Sayın Kudret ÖZERSAY, kamu çalışanı birisinin sahtekarlığını ortaya çıkarıp polise teslim ettiğinizden ötürü kutlarız ama bir de artık Kıb-Tek’e el atma zamanı gelmedi mi? İlgili bakan belli bir markaya işaret ederken bu konuyu da hassasiyetle ele almanız bekleniyor!

Sayın Erdal ONURHAN, kuruma istihdam açıklamanızdan sonra telefon trafiğinizin hayli arttığı ve özellikle partili gençlerin hemen herkesi araya koymak için birbiriyle yarıştığı konuşuluyor. İşiniz bir hayli zor değil mi?
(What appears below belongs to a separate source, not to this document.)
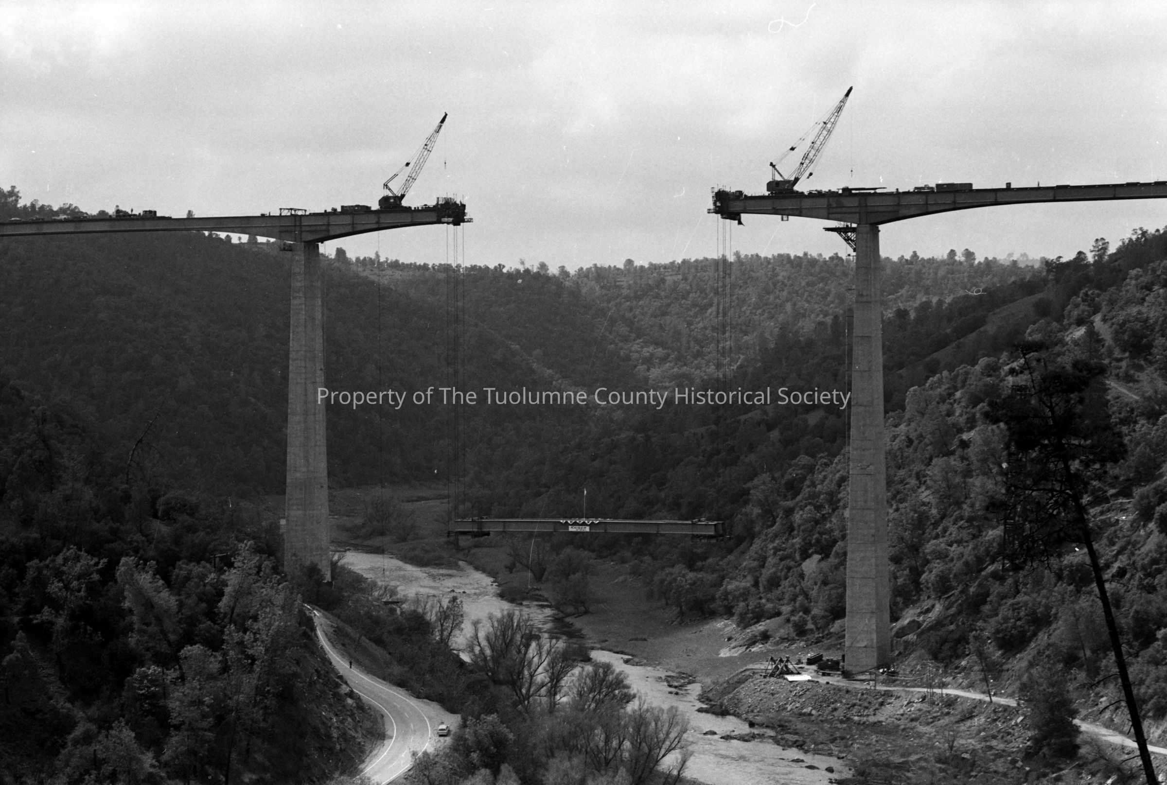 Archie Stevenot Bridge, State Hwy. 49, crossing the Stanislaus River at the Tuolumne/Calaveras county line. Raising the center section. (Collection of 13 images)Collection

Sayın Tolga ATAKAN, yollarımızın en büyük sorunu aydınlatmanın yeterli olmadığı konusunda vatandaşlardan sitem dolu mesajlar geliyor. Konuyu gecikmeden masaya yatırıp ülke genelinde seferberlik başlatmanız gerekiyor!

Sayın Yusuf AVCIOĞLU, kurumda bir takım atamalarda kural dışılık yapıldığını ifade ediyorsunuz ama acaba en büyük sorun bu mudur dersiniz?

Asbaşkan olarak daha detaylı bir soruşturmakta yarar görüyoruz!

Sayın Ayşegül Baybars KADRİ, sosyal konut projeleri konusunda yaptığınız açıklamalar vatandaşlarda özellikle de gençler arasında büyük heyecan ve mutluluk yarattı. Hangi şartlar aranacağı konusunda meraklı sorular geliyor, detaylı bir açıklama iyi olacaktır…

Sayın Cafer GÜRCAFER, bilardoda rakip bulamadığınızdan şikayetçi olmaya başlamışsınız. Tabi ki evde her gün 2 saat antrenman yaparsınız bu karşınızda kim dayanabilir ki? Tek başınıza oynamaya devam edin deriz…

Sayın Erdil NAMİ, bir YÖDAK üyesiyle aranızda talihsiz olaylar yaşandığı ve bir takım etik dışı teklifler aldığınızı duyduk. Verin o ismi bize gerisine karışmayın deriz! Hele de bir profa hiç yakışmıyor değil mi?

Sayın İzlem GÜRÇAĞ, belki bu dönem bakan olamadınız ama en azından meclis idari amiri olarak az da olsa bir açığı kapattınız sayılır. En azından bununla da şimdilik şükretmekte yarar var artık ileride ne olur bilinmez!